[Dataset records]
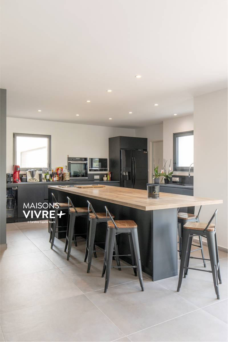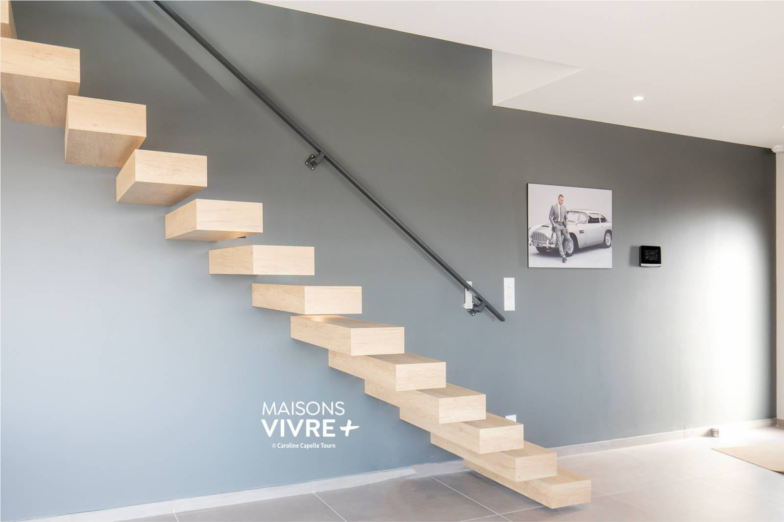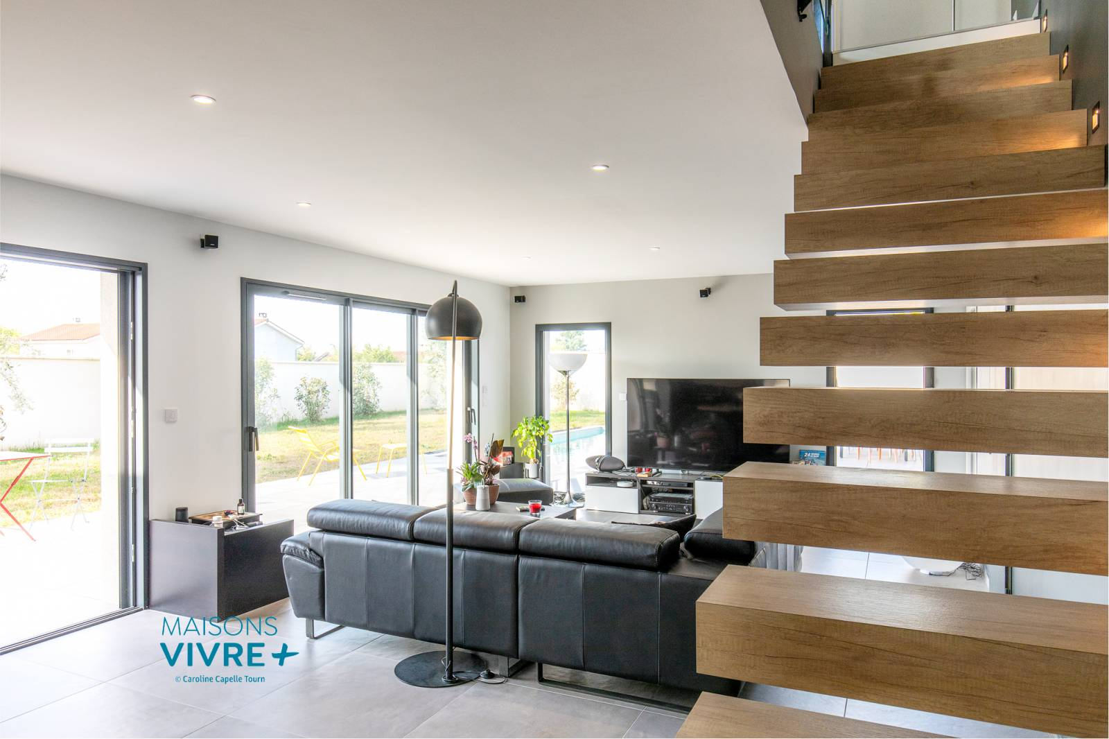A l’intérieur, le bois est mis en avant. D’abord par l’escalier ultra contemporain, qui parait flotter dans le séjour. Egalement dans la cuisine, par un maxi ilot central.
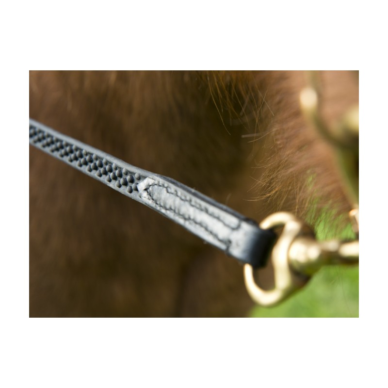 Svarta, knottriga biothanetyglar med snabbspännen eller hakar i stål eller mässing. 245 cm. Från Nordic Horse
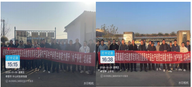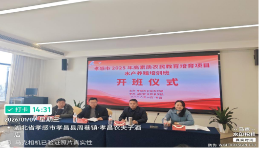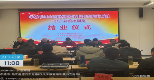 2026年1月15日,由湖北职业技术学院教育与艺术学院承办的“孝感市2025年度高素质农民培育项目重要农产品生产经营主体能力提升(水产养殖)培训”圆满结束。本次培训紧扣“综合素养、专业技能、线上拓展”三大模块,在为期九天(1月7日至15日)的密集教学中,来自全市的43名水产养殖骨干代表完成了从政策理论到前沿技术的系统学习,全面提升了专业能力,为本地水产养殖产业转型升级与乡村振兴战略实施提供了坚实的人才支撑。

* * *

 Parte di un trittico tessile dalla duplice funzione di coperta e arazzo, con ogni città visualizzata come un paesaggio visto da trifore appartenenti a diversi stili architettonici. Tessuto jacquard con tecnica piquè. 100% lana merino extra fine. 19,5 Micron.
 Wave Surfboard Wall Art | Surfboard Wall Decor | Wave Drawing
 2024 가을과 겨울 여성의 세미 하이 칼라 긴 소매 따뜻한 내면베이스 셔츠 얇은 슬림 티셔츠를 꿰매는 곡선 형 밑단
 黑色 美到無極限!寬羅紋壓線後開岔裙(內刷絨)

[Exercise details] Everything above from the line that has "Svarta, knottriga biothanetyglar" down to the line that has "2026年1月15日,由湖北" should be output exactly, with both of those lines included. Leave the pictures behind.

[Response]
 Svarta, knottriga biothanetyglar med snabbspännen eller hakar i stål eller mässing. 245 cm. Från Nordic Horse
 2026年1月15日,由湖北职业技术学院教育与艺术学院承办的“孝感市2025年度高素质农民培育项目重要农产品生产经营主体能力提升(水产养殖)培训”圆满结束。本次培训紧扣“综合素养、专业技能、线上拓展”三大模块,在为期九天(1月7日至15日)的密集教学中,来自全市的43名水产养殖骨干代表完成了从政策理论到前沿技术的系统学习,全面提升了专业能力,为本地水产养殖产业转型升级与乡村振兴战略实施提供了坚实的人才支撑。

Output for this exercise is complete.